The latest additions to the IUCN Red List: The Red List of Betulaceae
The latest update of the IUCN Red List of Threatened Species (2014.3) sees the addition of 364 plant species, to a new total of 19,738 species.
Of these new additions, BGCI has contributed over 100 conservation assessments in the family of The Betulaceae; the birches, alders, hazels, hornbeams, hop hornbeams and Ostryopsis, include some commercially important timber and nut producing trees.
These Red List assessments were undertaken by BGCI and members of the IUCN/SSC Global Tree Specialist Group and are also published in The Red List of Betulaceae. This publication is the latest in our series of red list publications and includes assessments for taxa from six genera; Alnus, Betula, Carpinus, Corylus, Ostrya and Ostryopsis.
In the cold-temperate Northern Hemisphere forests and tundra, in formerly glaciated areas, there are few threatened Betulaceae species. However, in the warm-temperate to tropical forests and relicts of the Arcto-Tertiary forests rare and threatened species can be found, largely in the refugia on low latitude mountain ranges in Japan, Korea, south China and Taiwan, the Caucasus/Caspian region, and southeastern North America.
In total 17 Betulaceae taxa are given a threatened rating, whereas 50% are considered Least Concern. However, about one third of the taxa are assessed as Data Deficient. This highlights the lack of information on little known species, mainly from less studied parts of the world.
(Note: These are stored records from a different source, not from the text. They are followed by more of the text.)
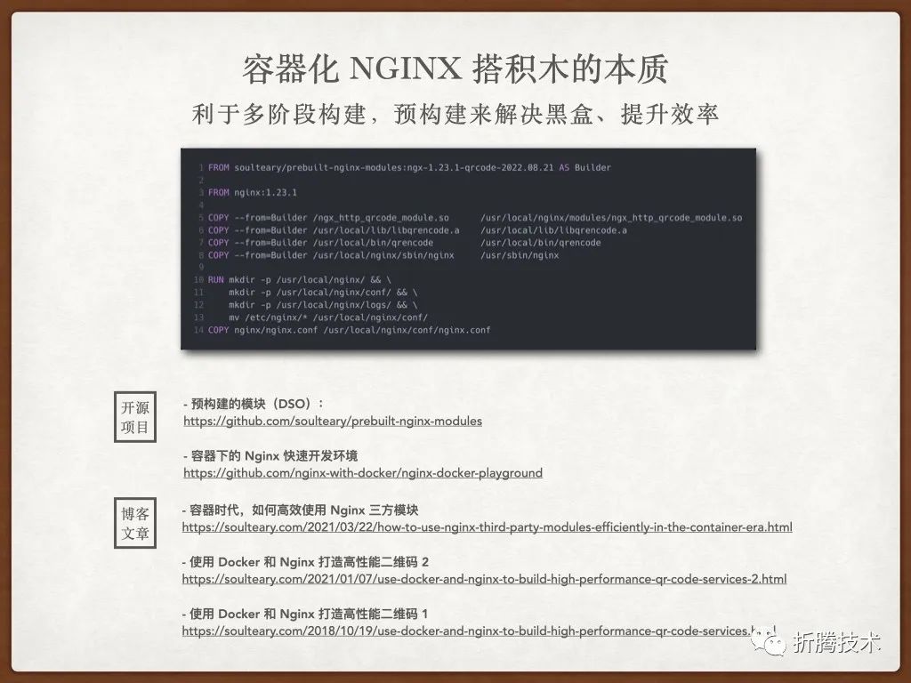 本篇文章中,我们将侧重聊聊更通用的,在容器场景下借助 Docker 的预构建、多阶段构建等能力,来帮助 Nginx 进行“搭积木”的玩法,快速实现某个传统业务。
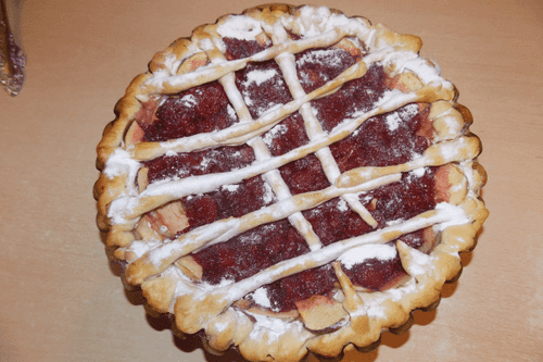 Strawberry pie with apple is the embodiment of tenderness and fruity richness in one dessert. This recipe originates from traditional European cuisine, where juicy fruits have always found their place in baking. The yeast dough makes the pie airy, while the combination of apples and strawberry jam gives it an amazing balance of sweet and sour flavor. Crispy strips of dough on the surface give the pie an elegant look, and butter with powdered sugar is the finishing touch that turns it into a true work of art. This pie is perfect for cozy home evenings, tea parties with loved ones, or festive treats. It will bring you warmth and enjoyment in every bite!
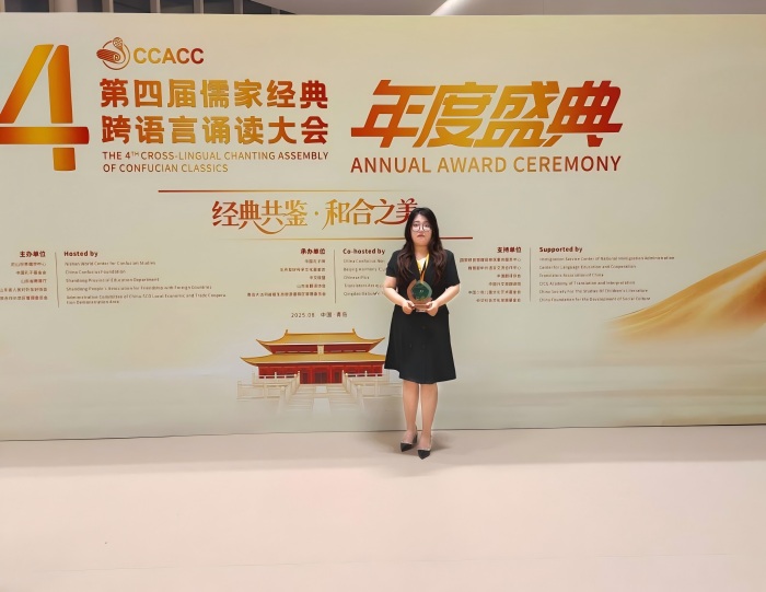 更新时间:2025-08-15 15:19 近日,由尼山世界儒学中心、中国孔子基金会等联合主办的第四届儒家经典跨语言诵读大会圆满落幕。文学院学子凭借扎实的语言功底、深厚的文化理解与出色的舞台表现,在近三万件参赛作品中脱颖而出,共获一等奖2项、二等奖2项、三等奖5项及优秀奖1项。其中,2022级英语专业于佳卉同学作为优秀代表,受邀出席大会年度盛典,展现了我院学子的风采。
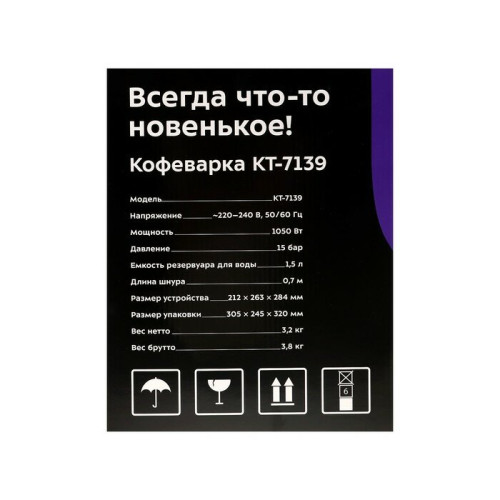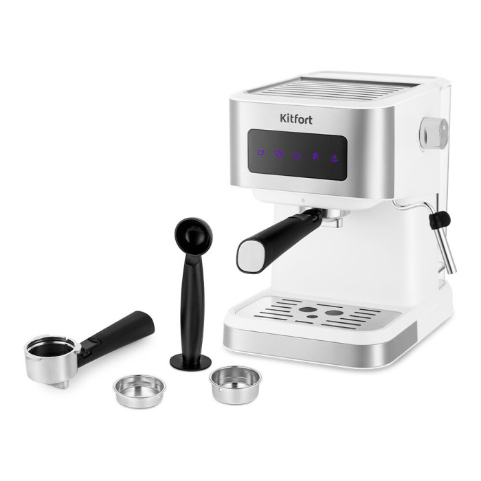 Комплектация: 1. Кофеварка — 1 шт. (резервуар для воды — 1 шт.; поддон для капель со съемной решеткой — 1 шт.) 2. Рожок — 1 шт. 3. Одинарный фильтр (single) — 1 шт. 4. Двойной фильтр (double) — 1 шт. 5. Мерная ложка-темпер — 1 шт. 6. Насадка панарелло — 1 шт. 7. Ручка стимера — 1 шт.

It also underlines the need for further field research to determine the distribution, population status and threats facing the lesser known taxa in this family.
In addition to the 128 assessments of Betulaceae added to this latest update (2014.3) of the IUCN Red List, BGCI have also added thirty new Magnolia species (new total 205) and completing the assessments of the legume genus Delonix (14 taxa).